» **Exercise instructions**: Leave out the pictures and output the data verbatim.

» **Source data**:
########
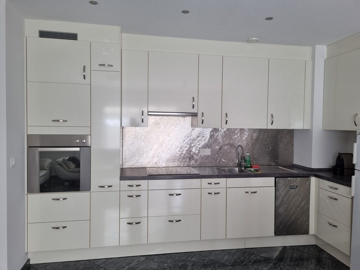 This beautiful, newly built two family house with spectacular views of Lago Maggiore, Ronco, Italy, Ascona and Locarno will take your breath away. The spacious apartment (150 m2) has floor to ceiling windows in every room, an open plan custom designed kitchen, a large terrace overlooking the lake and two parking spaces. It also offers a lift and is fully wheelchair accessible. Ascona, lake access and shopping facilities are a short 10 min car ride away.
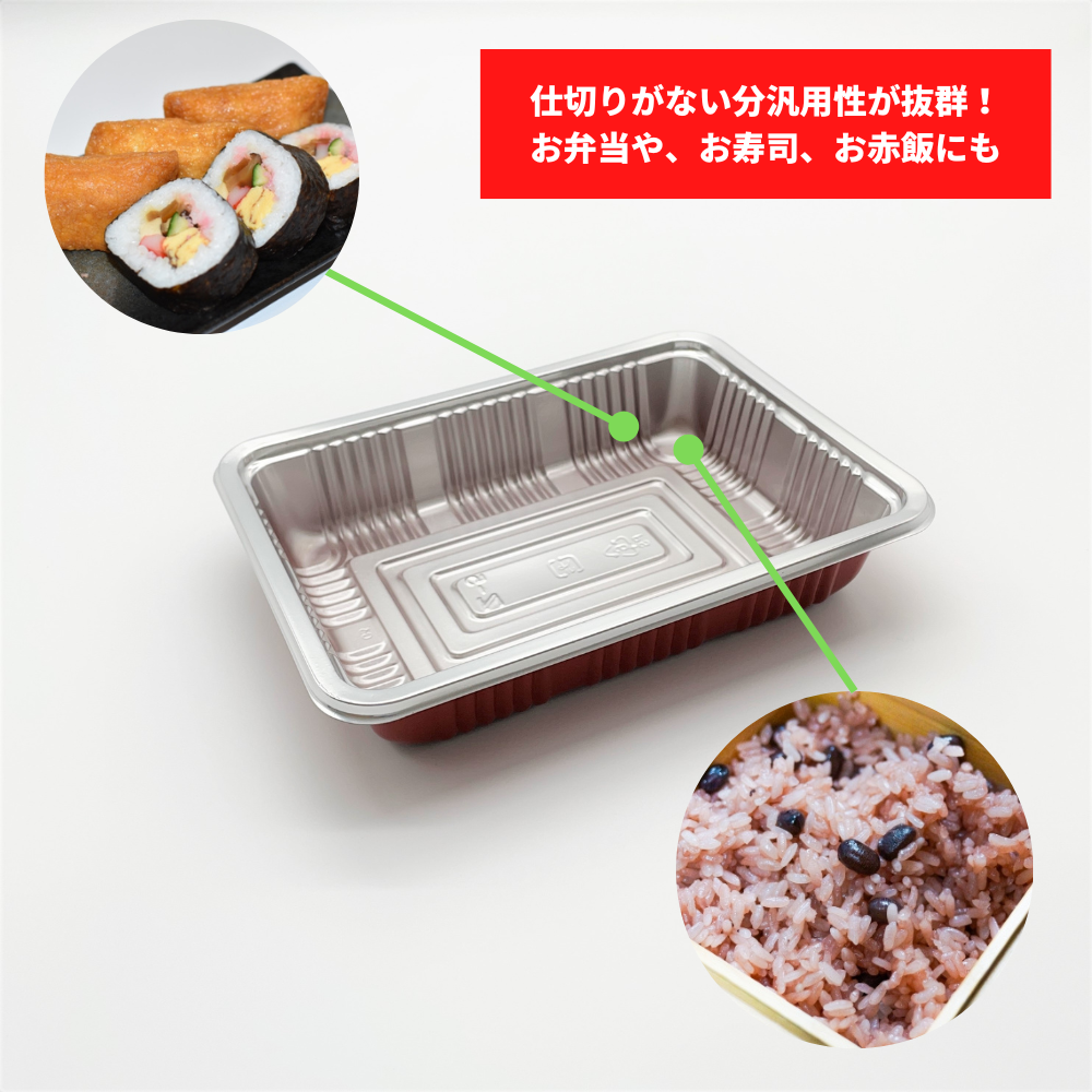 ベストセラーの定番容器です。お弁当、お赤飯、おはぎ、お寿司など、仕切りがない分使い勝手はバツグンです!
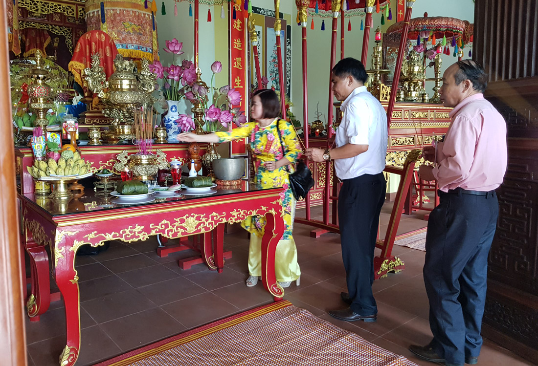 Du khách dâng hương tưởng nhớ vua Hùng tại đền thờ nằm trong khuôn viên làng du lịch
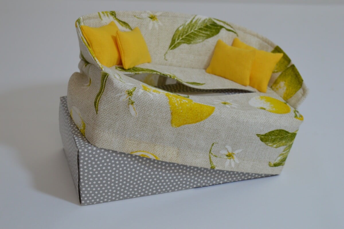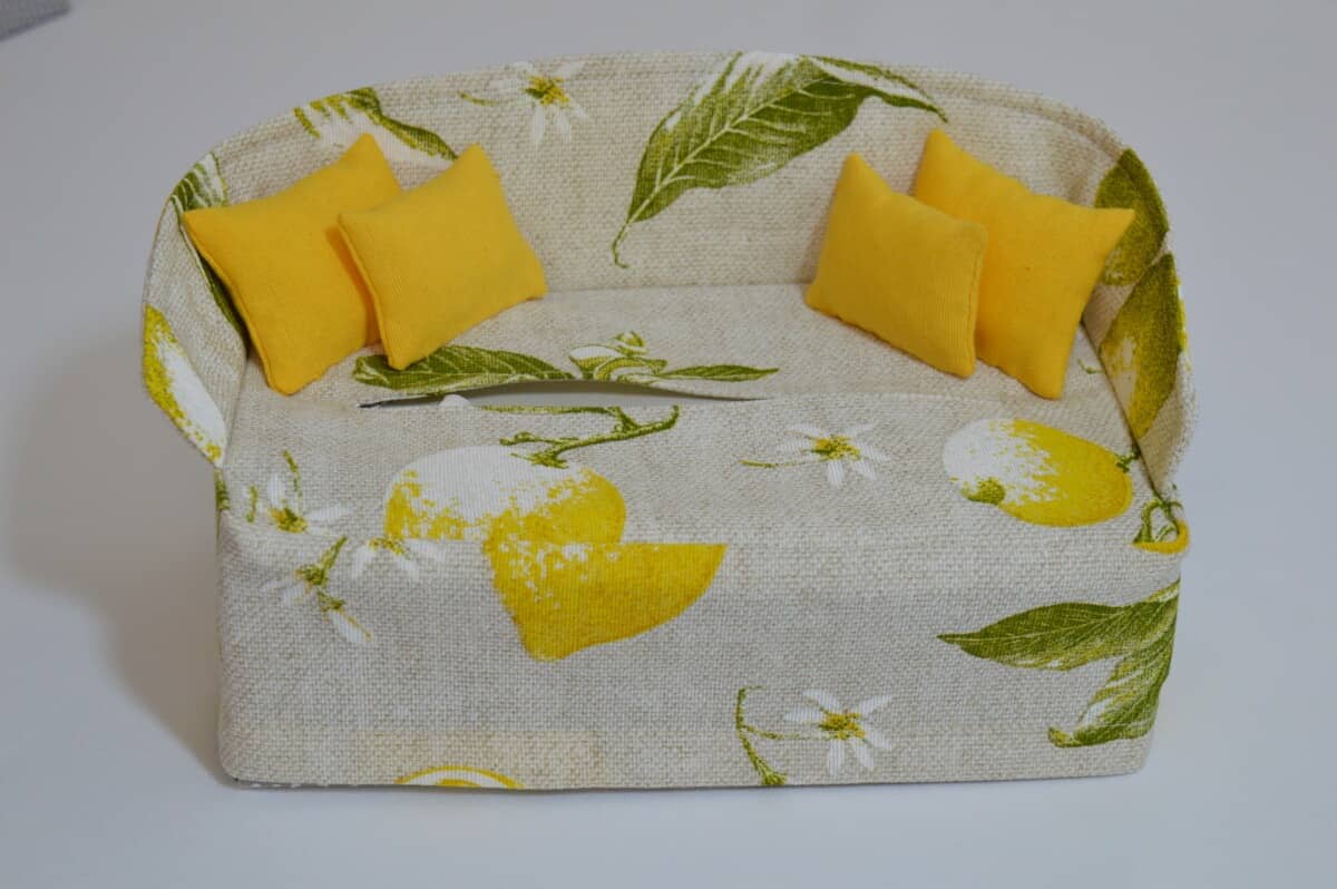 A zsebkendőtartó 60% pamut, 40% polyester összetételű anyagból készült. Mosógépben 30 fokon mosható. Egyszerűen cserélhető, újratölthető. A dobozos papírzsebkendőt öltözteti az otthonához illő “ruhába” üde sárga citrom mintával. Egy doboz papírzsebkendővel szállítjuk.
########
» **Result of this exercise**:
 This beautiful, newly built two family house with spectacular views of Lago Maggiore, Ronco, Italy, Ascona and Locarno will take your breath away. The spacious apartment (150 m2) has floor to ceiling windows in every room, an open plan custom designed kitchen, a large terrace overlooking the lake and two parking spaces. It also offers a lift and is fully wheelchair accessible. Ascona, lake access and shopping facilities are a short 10 min car ride away.
 ベストセラーの定番容器です。お弁当、お赤飯、おはぎ、お寿司など、仕切りがない分使い勝手はバツグンです!
 Du khách dâng hương tưởng nhớ vua Hùng tại đền thờ nằm trong khuôn viên làng du lịch
 A zsebkendőtartó 60% pamut, 40% polyester összetételű anyagból készült. Mosógépben 30 fokon mosható. Egyszerűen cserélhető, újratölthető. A dobozos papírzsebkendőt öltözteti az otthonához illő “ruhába” üde sárga citrom mintával. Egy doboz papírzsebkendővel szállítjuk.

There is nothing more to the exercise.